後でミゴーに魔ヶ珠を回収させようと思っていた青志だが、人間が生身で潜って引き揚げると聞いたら、さすがに邪魔しようという気にはなれない。
サメみたいな凶悪なケモノがいるだろうと考えれば、生身で海に入るのは、自殺行為としか思えないからだ。
どうせ野球場並みの大きさのゴーレムなんて、青志にもオロチにも使えないだろうし、素直にあきらめることにする。
宴会に参加する前に一休みしようと、ルベウスの別邸に戻ると、屋敷の前に、お金のかかってそうな竜車が駐まっていた。

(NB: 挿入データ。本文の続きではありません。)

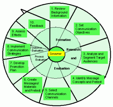 From the March-April 1993, Vol. 106, No. 2 181 publication"Policy", this article entitled "Health Communication Takes on New Dimensions at CDC" of Dr. William L. Roper, of the Centers for Disease Control and Prevention (CDC), United States, describes the health communication wheel: "For implementing health communication programs at CDC, there is a framework based on 10 action steps. These 10 steps, depicted in the chart, follow: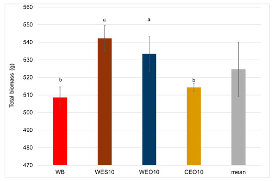 The significantly highest total biomass was recorded for larvae reared on the WES10 and WEO10 diets, amounting to 542 and 533 g, respectively (Figure 8). The use of the remaining diets resulted in significantly lower total biomass, with 514 and 509 g for CEO10 and WB, respectively.

見覚えのある竜車だ。温泉地で見たルベウスの一行が乗っていたものである。ただし、ルベウス本人が乗っていたものではない。侍女たちが乗っていた竜車だ。
「あ、お姉様が着いたのね!」
それを見たユカとトワが、はしゃぎながら駆け出した。
そう言えば、王都まで誰かを護衛することになっていたと、今更ながら思い出す青志。
どうやら、その護衛対象が到着したらしい。
ユカとトワに続いて屋敷内に入ると、入り口のホールに、見知った少女が立っていた。
キョウだ。
あいかわらずの黒いワンピース姿で、落ち着いた雰囲気を醸し出している。
「おかえりなさい、アオシさん」
「あれ? 護衛対象って、キョウのことだったの?」
「いえ。私は、ここまでの付き添い。護衛対象は、あちらよ」
ホールの階段を上がった廊下に、その人はいた。
吹き抜けになっているせいで、ホールから2階の廊下も見ることができる。
そこには、ユカたちに纏わりつかれながら、真っ白なワンピースを着た女性が立っていた。
恐ろしく美しい女である。
すらりとした長身。形良く突き出した胸。細くくびれたお腹。滑らかな曲線を描く腰。すらりと長い手足。スタイルは、完璧だ。
ゴクッと青志の咽が鳴る。
それが聞こえた訳でもないだろうが、女の視線が青志に向けられた。
肩までの長さのエメラルド色の髪は、手入れが行き届き、美しい光沢を放っている。
同じ色の瞳は、まさに宝石のようだ。
血色のいい桜色の唇は、下唇側が少しぽってりしていて、程良い色気がある。
美しかった。
こんな美しい女は見たことがないと、青志が思うほどに。
アイアン・メイデンやキョウたちも美しいが、残念ながら格が違う。
青志が知っている人間で、目の前の女に対抗できるとしたら、ウィンダぐらいであろう。ウィンダが、21世紀の日本式の手入れをすれば・・・。
あれ?
美女の美しい瞳が自分を睨みつけているのを見たと同時に、青志は美女の正体に気が付いた。
ウィンダ=デル=モウゴスタ。
それはまさに、キョウたちによって、更に美しく生まれ変わったウィンダであった。